INPUT >>
···

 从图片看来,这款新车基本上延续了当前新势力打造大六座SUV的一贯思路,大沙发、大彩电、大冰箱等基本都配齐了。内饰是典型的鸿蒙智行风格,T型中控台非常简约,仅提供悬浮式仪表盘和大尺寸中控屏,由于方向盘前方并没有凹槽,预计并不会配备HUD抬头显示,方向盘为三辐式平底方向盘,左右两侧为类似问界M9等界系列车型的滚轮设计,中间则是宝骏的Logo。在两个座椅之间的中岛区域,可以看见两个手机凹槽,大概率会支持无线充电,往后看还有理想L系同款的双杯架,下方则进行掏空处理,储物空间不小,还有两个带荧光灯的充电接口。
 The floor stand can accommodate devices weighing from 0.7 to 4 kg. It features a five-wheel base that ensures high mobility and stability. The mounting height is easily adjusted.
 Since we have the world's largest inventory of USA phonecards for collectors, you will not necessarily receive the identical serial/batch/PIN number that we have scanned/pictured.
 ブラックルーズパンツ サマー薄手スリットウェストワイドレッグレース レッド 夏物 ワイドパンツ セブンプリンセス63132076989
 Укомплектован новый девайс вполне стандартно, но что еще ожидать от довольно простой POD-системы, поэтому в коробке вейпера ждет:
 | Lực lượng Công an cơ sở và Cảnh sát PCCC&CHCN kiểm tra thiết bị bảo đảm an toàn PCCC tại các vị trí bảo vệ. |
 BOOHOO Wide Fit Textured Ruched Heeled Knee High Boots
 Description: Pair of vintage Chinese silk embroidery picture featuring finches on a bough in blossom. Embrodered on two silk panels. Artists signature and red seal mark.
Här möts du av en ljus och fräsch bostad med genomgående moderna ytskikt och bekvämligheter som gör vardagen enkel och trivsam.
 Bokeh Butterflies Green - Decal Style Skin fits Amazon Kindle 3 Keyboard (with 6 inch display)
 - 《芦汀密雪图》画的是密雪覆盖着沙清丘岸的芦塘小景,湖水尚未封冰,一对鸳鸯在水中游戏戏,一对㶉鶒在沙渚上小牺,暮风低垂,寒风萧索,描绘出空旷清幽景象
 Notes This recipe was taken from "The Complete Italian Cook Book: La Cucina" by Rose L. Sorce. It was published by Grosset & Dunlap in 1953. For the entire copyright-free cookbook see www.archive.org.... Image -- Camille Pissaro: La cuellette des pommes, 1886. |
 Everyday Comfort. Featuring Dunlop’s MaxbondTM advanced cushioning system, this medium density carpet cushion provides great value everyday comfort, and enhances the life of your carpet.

···

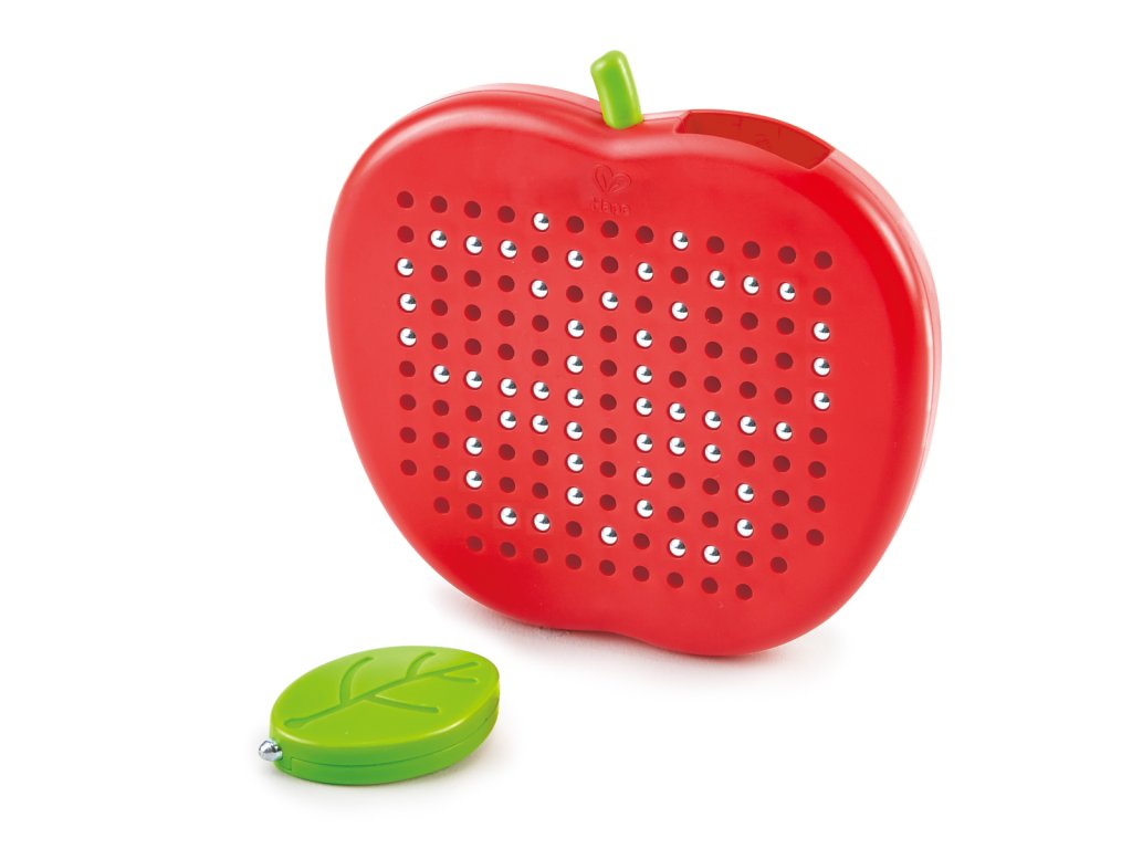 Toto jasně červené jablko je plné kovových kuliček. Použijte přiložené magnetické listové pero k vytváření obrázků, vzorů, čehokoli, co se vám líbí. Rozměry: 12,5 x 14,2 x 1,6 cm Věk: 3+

···

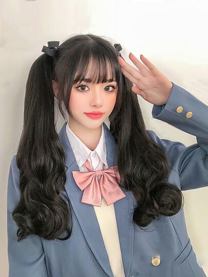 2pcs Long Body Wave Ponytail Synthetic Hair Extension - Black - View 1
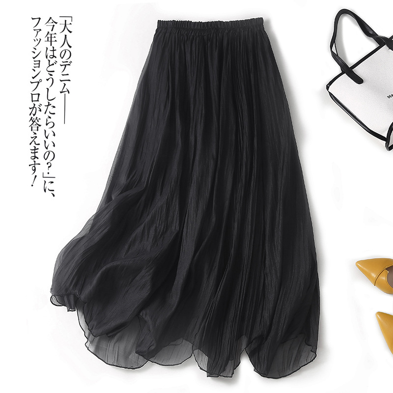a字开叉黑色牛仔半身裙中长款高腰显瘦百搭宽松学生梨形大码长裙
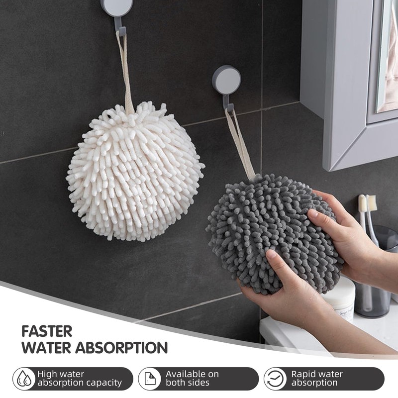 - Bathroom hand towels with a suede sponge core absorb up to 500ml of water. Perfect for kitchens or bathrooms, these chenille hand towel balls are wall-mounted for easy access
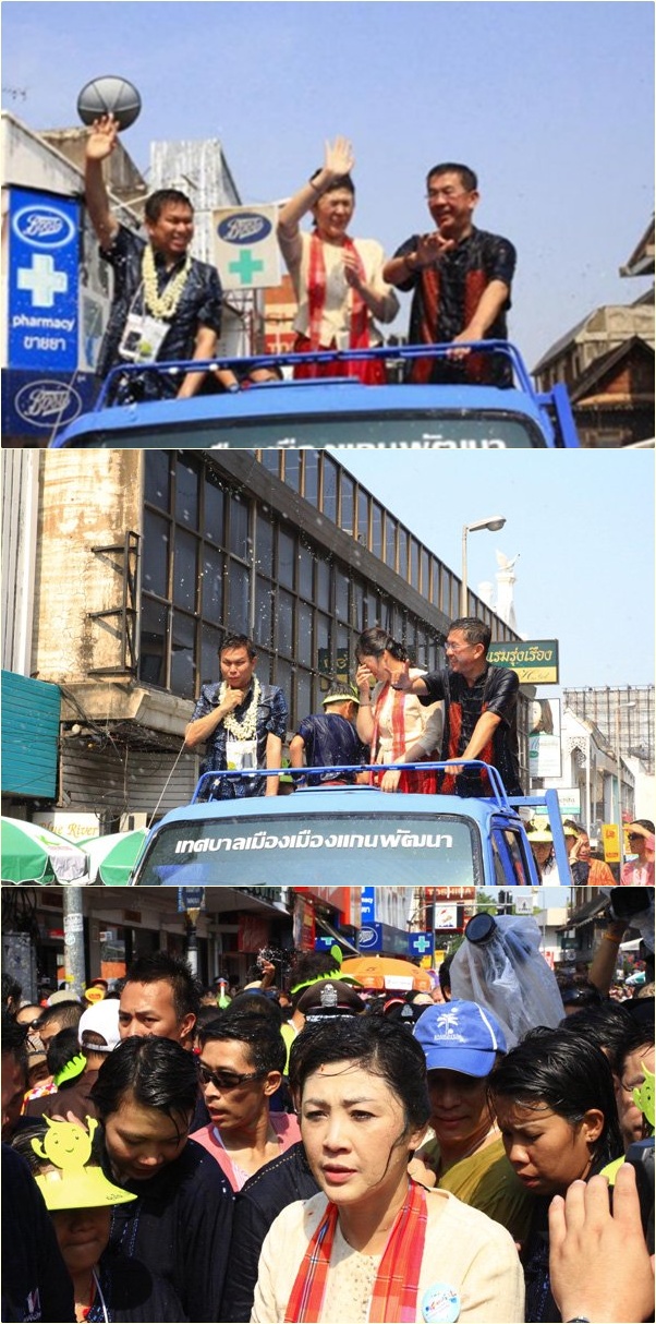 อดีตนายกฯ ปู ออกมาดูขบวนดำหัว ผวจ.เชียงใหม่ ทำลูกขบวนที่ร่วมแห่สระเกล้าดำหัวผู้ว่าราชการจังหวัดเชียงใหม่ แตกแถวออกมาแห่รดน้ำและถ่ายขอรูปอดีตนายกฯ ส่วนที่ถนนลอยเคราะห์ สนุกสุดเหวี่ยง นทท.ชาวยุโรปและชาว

···

TASK TO CARRY OUT >> Of the lines above, output exactly those from the line bearing "从图片看来,这款新车基本上延" through the line bearing "Everyday Comfort. Featuring", inclusive.

ANSWER TO THE PROBLEM >>
 从图片看来,这款新车基本上延续了当前新势力打造大六座SUV的一贯思路,大沙发、大彩电、大冰箱等基本都配齐了。内饰是典型的鸿蒙智行风格,T型中控台非常简约,仅提供悬浮式仪表盘和大尺寸中控屏,由于方向盘前方并没有凹槽,预计并不会配备HUD抬头显示,方向盘为三辐式平底方向盘,左右两侧为类似问界M9等界系列车型的滚轮设计,中间则是宝骏的Logo。在两个座椅之间的中岛区域,可以看见两个手机凹槽,大概率会支持无线充电,往后看还有理想L系同款的双杯架,下方则进行掏空处理,储物空间不小,还有两个带荧光灯的充电接口。
 The floor stand can accommodate devices weighing from 0.7 to 4 kg. It features a five-wheel base that ensures high mobility and stability. The mounting height is easily adjusted.
 Since we have the world's largest inventory of USA phonecards for collectors, you will not necessarily receive the identical serial/batch/PIN number that we have scanned/pictured.
 ブラックルーズパンツ サマー薄手スリットウェストワイドレッグレース レッド 夏物 ワイドパンツ セブンプリンセス63132076989
 Укомплектован новый девайс вполне стандартно, но что еще ожидать от довольно простой POD-системы, поэтому в коробке вейпера ждет:
 | Lực lượng Công an cơ sở và Cảnh sát PCCC&CHCN kiểm tra thiết bị bảo đảm an toàn PCCC tại các vị trí bảo vệ. |
 BOOHOO Wide Fit Textured Ruched Heeled Knee High Boots
 Description: Pair of vintage Chinese silk embroidery picture featuring finches on a bough in blossom. Embrodered on two silk panels. Artists signature and red seal mark.
Här möts du av en ljus och fräsch bostad med genomgående moderna ytskikt och bekvämligheter som gör vardagen enkel och trivsam.
 Bokeh Butterflies Green - Decal Style Skin fits Amazon Kindle 3 Keyboard (with 6 inch display)
 - 《芦汀密雪图》画的是密雪覆盖着沙清丘岸的芦塘小景,湖水尚未封冰,一对鸳鸯在水中游戏戏,一对㶉鶒在沙渚上小牺,暮风低垂,寒风萧索,描绘出空旷清幽景象
 Notes This recipe was taken from "The Complete Italian Cook Book: La Cucina" by Rose L. Sorce. It was published by Grosset & Dunlap in 1953. For the entire copyright-free cookbook see www.archive.org.... Image -- Camille Pissaro: La cuellette des pommes, 1886. |
 Everyday Comfort. Featuring Dunlop’s MaxbondTM advanced cushioning system, this medium density carpet cushion provides great value everyday comfort, and enhances the life of your carpet.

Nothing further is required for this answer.